Dans ce chapitre, nous avons analysé, grâce à l’étude du cas AirSupply, les mécanismes d’adoption d’un portail commun à un secteur d’activité de type many-to-

many, et les conséquences de ces choix sur les phases ultérieures du projet. Nous

avons fait le choix d’une étude qualitative nous permettant, à partir des entretiens et documents secondaires collectés, de caractériser des mécanismes complexes internes aux organisations étudiées, mais aussi inter-organisationnels en particulier dans les relations donneurs d’ordres – fournisseurs au sein de la SC, et enfin relevant de l’écosystème du secteur d’activité étudié. De même que dans l’étude de cas du projet Electra où nous avons décidé de réaliser l’analyse côté donneur d’ordres comme côté fournisseurs, nous avons, dans cette étude de cas, étudié des entreprises relevant de trois niveaux différents des SC aérospatiales (OEM, fournisseur rang 1, fournisseur rang 2), certaines pouvant tenir plusieurs rôles.
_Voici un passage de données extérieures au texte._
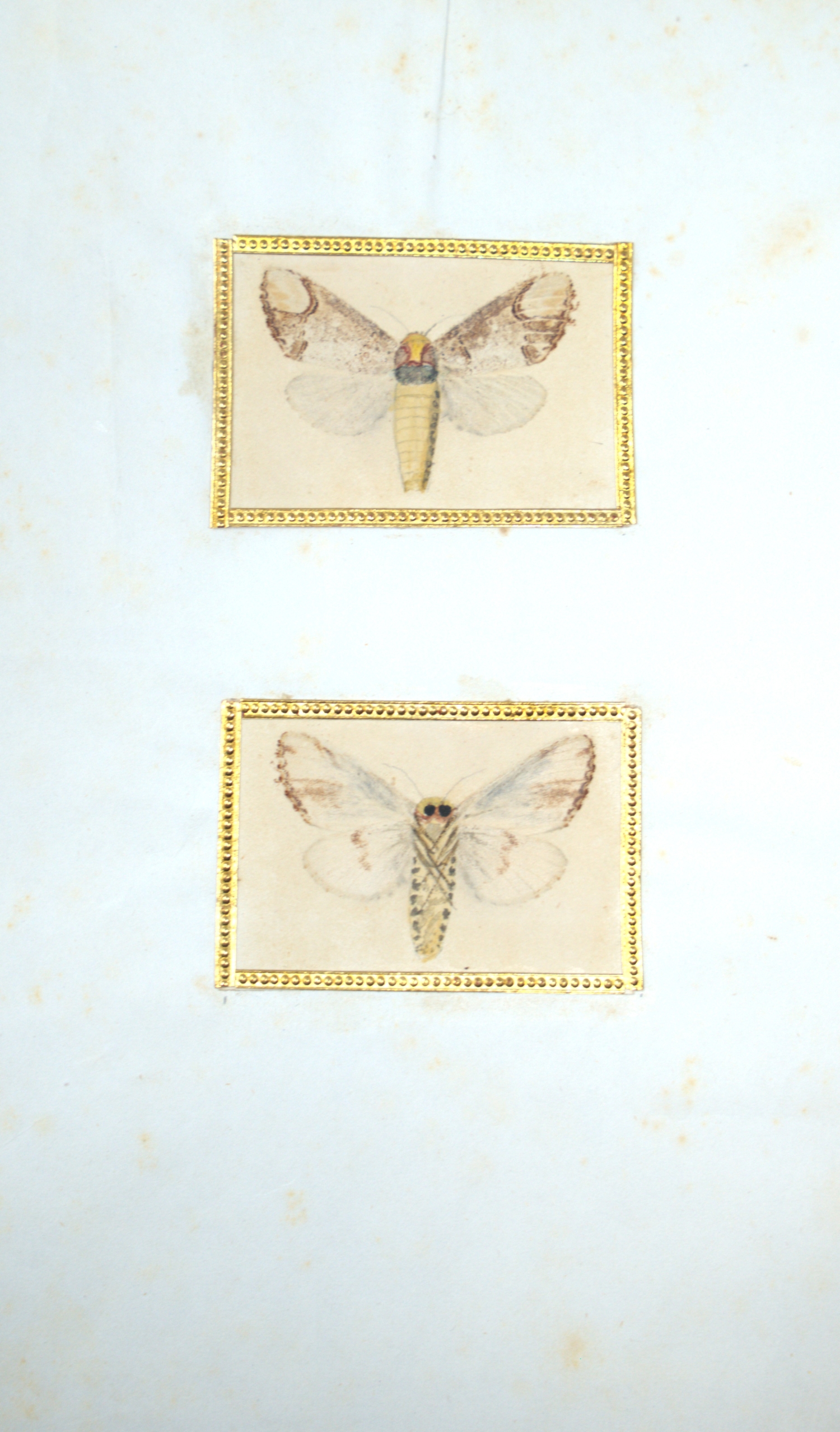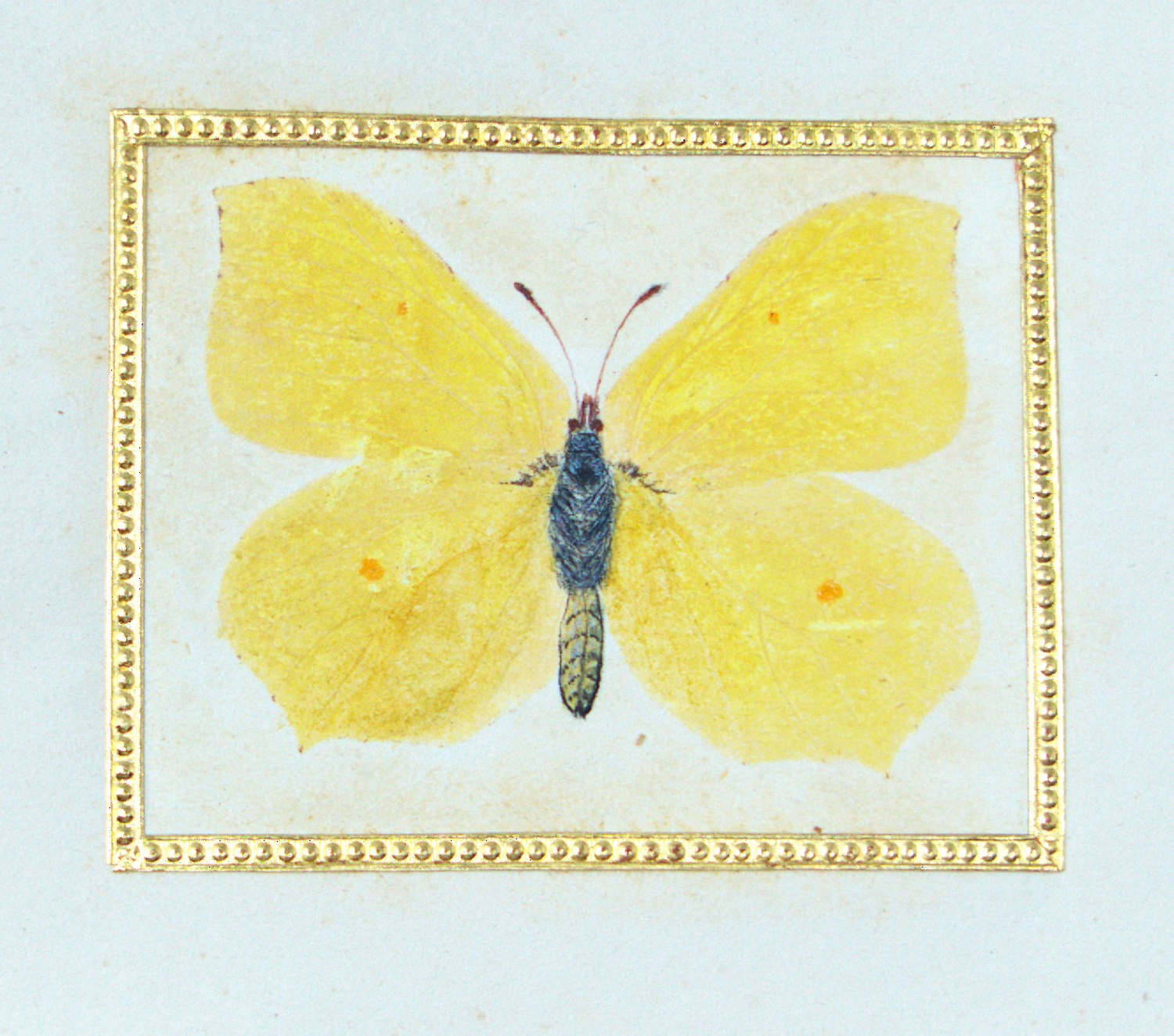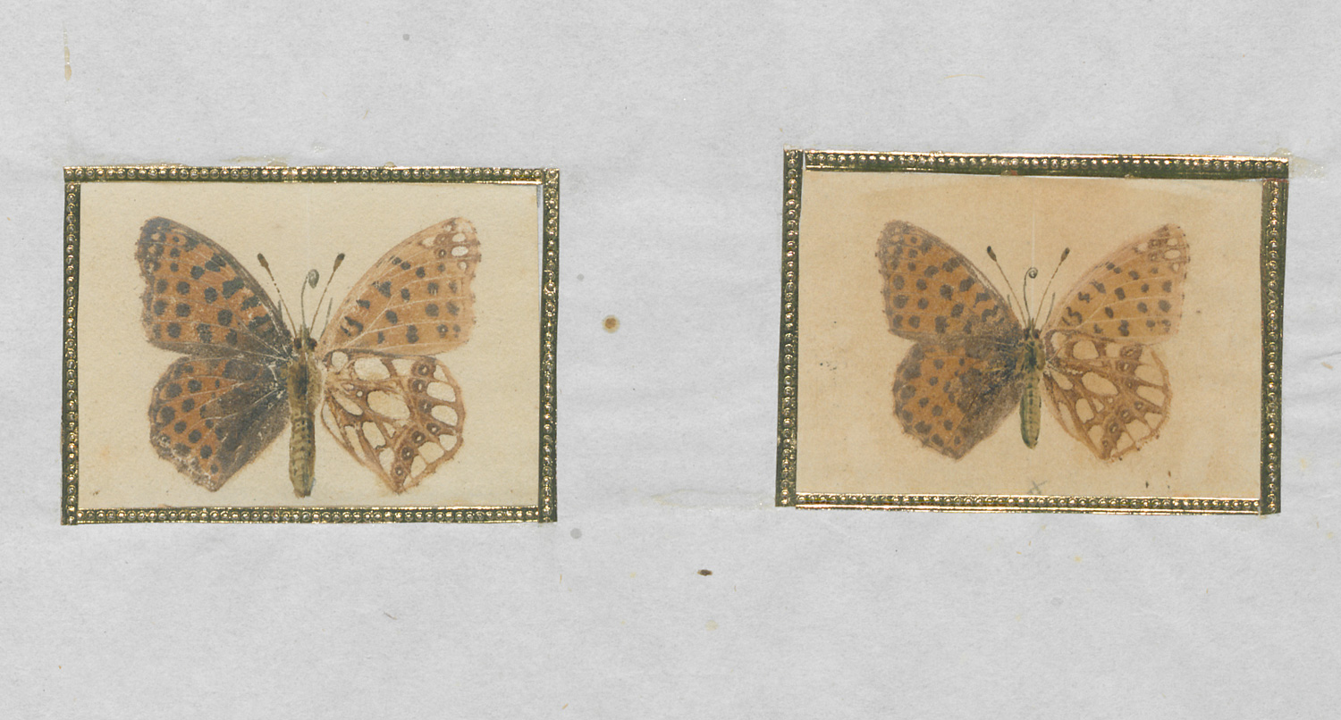Umfangreiche Sammlung von ca. 135 naturgetreuen Darstellungen verschiedener Schmetterlinge und Motten, angelegt von einem kenntnisreichen Entomologen mit Hilfe des tierischen Naturselbstdrucks, bei dem durch Pressung von Insektenflügeln massstabsgetreue und überaus feine und detailgetreue Abbildungen der naturgegebenen Strukturen erreicht werden. Die Insektenkörper sind vom Druck ausgenommen und jeweils fein aquarelliert. Jeder Druck ist von einer geprägten Goldbordüre dekorativ eingefasst. Einige der Trägerblätter mit Gattungsbezeichnung, u. a. Pontia brassicae, Vanessa prorsa, Ennomus prunaria, Phlogophora meticulosa, Colias, Pygaera und Hylina. Format: ca. 2 x 3,5 bis 6,5 x 7 cm (Goldbordüre). – Trägerblätter stockfleckig, einige wenige auch mit stärkeren Quetschfalten und Knicken. Die minutösen Darstellungen nicht betroffen.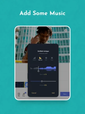 ‣ Select a mood (lo-fi, cinematic, upbeat, EDM) for a one-of-a-kind, royalty-free track — or use music from your library.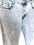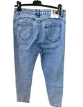 Tallas: 38 y 42. Color: azul denim lavado. Vaquero Saray de corte skinny con efecto desgastado y pequeños rotos. Cinco bolsillos y cierre de botón y cremallera. Tejido cómodo que estiliza la pierna; ideal para looks casuales con zapatillas o botines.

Cette étude nous a permis d’établir le rôle conjoint des mécanismes organisationnels, inter-organisationnels et sectoriels sur les choix d’adoption d’un portail commun à un secteur d’activité. Ainsi, les caractéristiques organisationnelles, la structure de la SC, les caractéristiques des relations donneurs d’ordres – fournisseurs, et enfin la nature des pressions institutionnelles exercent une influence (positive ou négative) sur l’adoption d’un tel portail. Nous avons relevé dans le contexte étudié, qui est celui de l’industrie aérospatiale européenne, les éléments qui sont apparus les plus marquants, sans toutefois avoir pu mesurer de façon quantitative le poids de ces éléments. Lorsque la phase d’adoption d’un tel projet par de nombreux donneurs d’ordres a été réalisée, cela entraîne une diffusion du portail au sein de tout un secteur d’activité et la standardisation des processus et des mécanismes de coordination dans les phases d’adaptation, d’acceptation et de routinisation. Ainsi, dans la phase d’infusion, le portail peut devenir une référence institutionnelle du secteur d’activité. Cependant, cette dynamique positive ne peut fonctionner que si les donneurs d’ordres accompagnent par des actions collaboratives les fournisseurs pour s’assurer d’un développement homogène de l’intégration de la SC grâce au portail. Dans le cas contraire, un risque de contournement du portail ou d’une SC à deux vitesses apparaît.